Она думала, что если поверит в собственную ложь, то сможет к ней привыкнуть, перестанет вздрагивать каждый раз, когда видит на экране имя мужа и его свадебную фотографию.

Но не смогла.

Потому что-то Руслан задавал вопросы, просил фото в белье, думая, что его заигрывания и поддержание сексуального интереса к якобы пополневшей жене, Оля оценит и перестанет быть такой букой.

Не помогало.

И, хотя она никогда бы не призналась в этом Руслану или кому бы то ни было еще, в глубине души Оля была рада его отсутствию, ведь, пока Руслан был в городе, каждый его визит превращался в пытку.

Оля запрещала мужу ложиться к себе в постель, чтобы лишний раз не двигаться самой, потому что доктор не велел. Не давала гладить живот и чаще всего изображала усталость и пару раз даже имитировала сон.

Отталкивать Руслана, в виду обстоятельств тянувшегося к ней больше обычного, было больно, но необходимо. И Оля отталкивала, а, оставшись одна, плакала, кляня себя и жестокую судьбу.

Визиты матери тоже не прибавляли сил.

- Когда ты разговаривала с Ритой последний раз? И как ты ее выносишь, я не понимаю!

- В чем дело?

- Попроси ее больше не одеваться, как продажная женщина - в конце концов, на улице не май месяц и она носит моего внука!

- Мама! Она носит своего ребенка, он пока не наш.

- Скоро будет наш. Я вчера читала договор, который подготовил для нее Павел, не подкопаешься. Ты только раньше времени ничего не ляпни!

- Ну, мам!

- Просто сделай, как я говорю. Без “ну, мам!”

- Я и так все делаю, неужели ты не видишь? Три месяца изображать прикованную к постели, не давая Руслану даже шага сделать в мою сторону, думаешь, это легко?

- Ну, видимо да, раз полгода назад ты решила соврать ему о своей беременности и, наверное, как фокусник, вытянуть ребенка из шляпы? …Нечего сказать? Вот и славно. Поэтому переставай жаловаться и бери себя в руки - Рите носить до декабря - отдыхай, читай больше книг по материнству. На твое счастье, папа уговорил Руслана отвлечься на работу, так что воспользуйся свободным временем разумно.

- Ты его попросила?

- Милая, только подкинула здравую мысль - насколько тебе известно, решения твой папа принимает сам.

- Спасибо…

- Боже, ты сама еще ребенок!

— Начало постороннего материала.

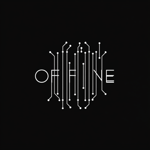 Minimalist logo design for underground electronic music events. Text 'O.F.F.L.I.N.E' with dots between each letter. Bold, futuristic sans-serif font. White text on black background. Subtle circuit board or waveform pattern integrated into one or two letters. Slight digital glitch effect on edges. Clean design with a hint of techno aesthetic. Evokes underground warehouse party atmosphere. Versatile for various applications: posters, social media, merchandise
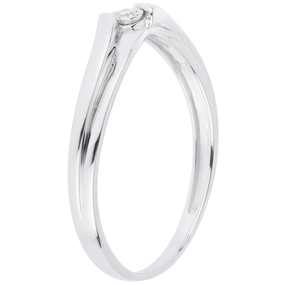 Un diamante solitario chispea encerrado en brazos de oro blanco como montura.
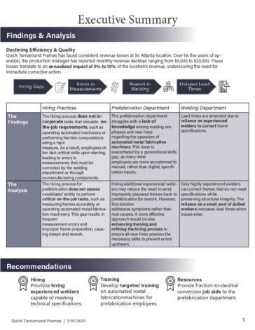 Situation: Many manufacturing companies face delays in their production processes, impacting efficiency and output. For this project, I analyzed this common industry challenge and developed a mock client report to propose solutions.

Рано тебе собственных иметь, но ничего уже не поделаешь…. - Лариса встала, махнула Оле на прощание ухоженной ладошкой и вышла.

Мать никогда ее не обнимала.

Даже когда Оля маленькая плакала над разбитыми коленками или порванными любимыми джинсами. Пара ничего не значащих слов, которые быстро перерастали в раздражение, если Оля продолжала ныть, напутствие подтереть сопли и быть сильной - вот и все воспоминания о материнской любви из Олиного детства.

Поэтому единственным человеком, чьи визиты приносили ей хоть какое-то успокоение, была Рита.

Сегодня она пришла чуть позже обычного и, бросив пальто Оле в ноги, подуга растянулась на кресле и вздохнула. Ее фигура почти не изменилась, ни грамма лишнего веса на руках и бедрах, только живот, как литой и упругий бочонок выдавался вперед.

- Ого, а вы тоже уже большие! - улыбнулась Оля и Рита ответила:

- Не больше вашего!

- Думаешь? - она испуганно скомкала край одеяла - неужели перестаралась?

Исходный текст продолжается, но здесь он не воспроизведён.